Columbia begins on-campus tours for a limited number of families
March 25, 2021
Updated Tuesday, April 6: The college has opened 33 new tour slots from April 12 to April 30 and opened registration for 33 tours per week after National Decision Day through September 4.
Kendall Hodge took a tour of Columbia as soon as she was able, although the college’s procedures looked different from other college tours she had taken.
Hodge, a high school senior from Florida, was one of about 175 prospective students who registered to tour the college in-person under its new COVID-19 safety guidelines.
Since the start of the pandemic, prospective Columbia students and their families have relied on technology to visit the campus virtually, rather than physically visiting the college like they have in the past. But recently, that changed for some students like Hodge.
“[The tour] made the idea more real in my head that this was a place where I could really go and see myself being a student there,” Hodge said.
In-person tours of the campus for prospective students began on March 15 with new safety protocols in place.
Tour groups now include the tour guide, the prospective student and up to two guests of the student, as opposed to tours in the past containing several families with one guide.
Every visitor must also take a rapid COVID-19 test on campus 30 minutes prior to their scheduled tour, and to complete the tour, the results must be negative. The test is paid for by the college.
The tours do not allow access to any of the student housing buildings, and standard Columbia community safety guidelines, such as mask-wearing and social distancing, apply at all times.
Derek Brinkley, assistant vice president of undergraduate admissions, said all tour slots prior to May 1, which is National Decision Day, were filled in the first three hours after registration opened on March 8.
This left many prospective students and parents disappointed, including Piper Ruth, a high school senior from Colorado.
“I’m not quite sure where [Columbia] is on my list of colleges,” Ruth said. “It’s still up there [in my] top three, but it’s just hard to know if I don’t know the student body and the buildings.”
Ruth’s mother Tina Ruth said she does not feel comfortable investing money into the college without being able to experience a tour.
“It’s like that show they have on TV where you don’t meet your fiancé before you marry him,” Tina Ruth said. “This is almost a quarter of a million dollar investment in her education.
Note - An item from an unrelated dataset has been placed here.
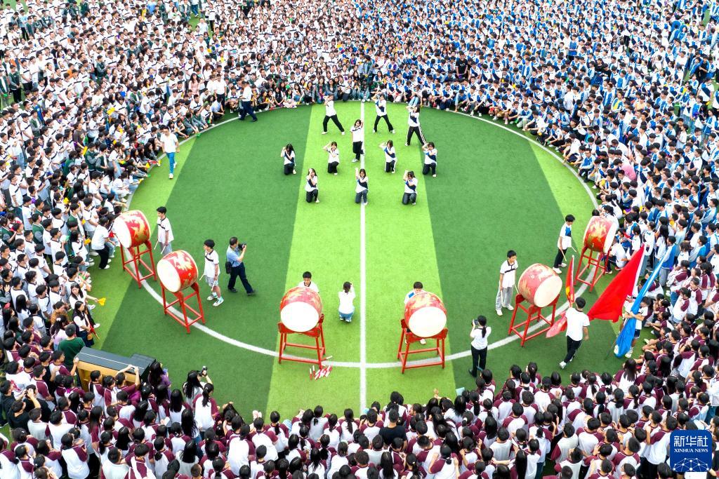 5月29日,湖北省宣恩縣第一高級中學(xué)學(xué)生在快閃活動(dòng)中表演鼓舞(無(wú)人機照片)。

Who would just put that down on something that you don’t have a really good feel for and haven’t been able to visit one or two times?”
Brinkley said the college made five tour slots available per day, five days a week from March 15 to April 30, meaning 175 students in total could tour the college prior to decision day.
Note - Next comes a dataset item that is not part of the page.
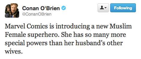One could hope that these criticisms only represent a narrow-minded minority of Americans aided by the Internet, but even Conan O'Brien chimed in, tweeting, "Marvel Comics introduces a new Muslim female superhero. She has so many more powers than her husband's other wives." -- ignoring, for comedic purposes, the fact that Khan is actually a 16-year old American girl.

There is a waitlist available for a tour in the event that a family cancels, but Brinkley said he does not envision many people canceling.
Hodge said she enjoyed visiting the Theatre Department in-person the most during her tour.
“I definitely was super surprised with what [the college] was like,” Hodge said. “It’s going to make it a very hard decision for me.”
From Sept. 1, 2018, to Aug. 31, 2019, the last full recruitment cycle before the pandemic, 8,718 prospective students attended some form of on-campus event, including 3,289 students who took tours.
Brinkley said the reason for fewer tour opportunities is for the safety of the tour guides, families and the Columbia community.
“My primary goal was to make sure that students stay safe,” Brinkley said. “Yes, I want students to choose Columbia … but I don’t want to put [prospective] students, families, our students, our staff [or] our faculty … at risk for catching COVID just because we want to get tours up and running on campus.”
Brinkley said there are still virtual opportunities for prospective students to try to get a feel for the campus without taking an in-person tour.
One of these opportunities is available through the Columbia Visits app. Families can “walk around” campus through augmented reality technology in the app. They can point their device at campus buildings to identify the building, get information about it and see photos of its various rooms and spaces.
Students can also use the virtual tours site to watch videos about specific areas of campus as well as schedule a student-led virtual tour or a Q&A with an admissions counselor.
Emily Caldara, a high school senior from Lindenhurst, Illinois, took an in-person tour of Columbia. While Caldara took a tour of another college before the pandemic, she said her experience at Columbia was better, even with the safety measures in place.
“It was just as immersive [and] just as informational,” Caldara said. “It was everything I could’ve gotten out of [a] pre-pandemic tour.”
Tina Ruth said she and her daughter tried the virtual opportunities, but those did not fill the void left by not being able to be on campus.
“It’s a huge investment to be willing to send my daughter across the country to a place that we’ve only walked outside on the street once,” Tina Ruth said.
Hodge said students and parents who were able to schedule a tour should not take the opportunity for granted.
“You have to keep your mind open and be excited about being able to even experience something that others are not able to,” Hodge said.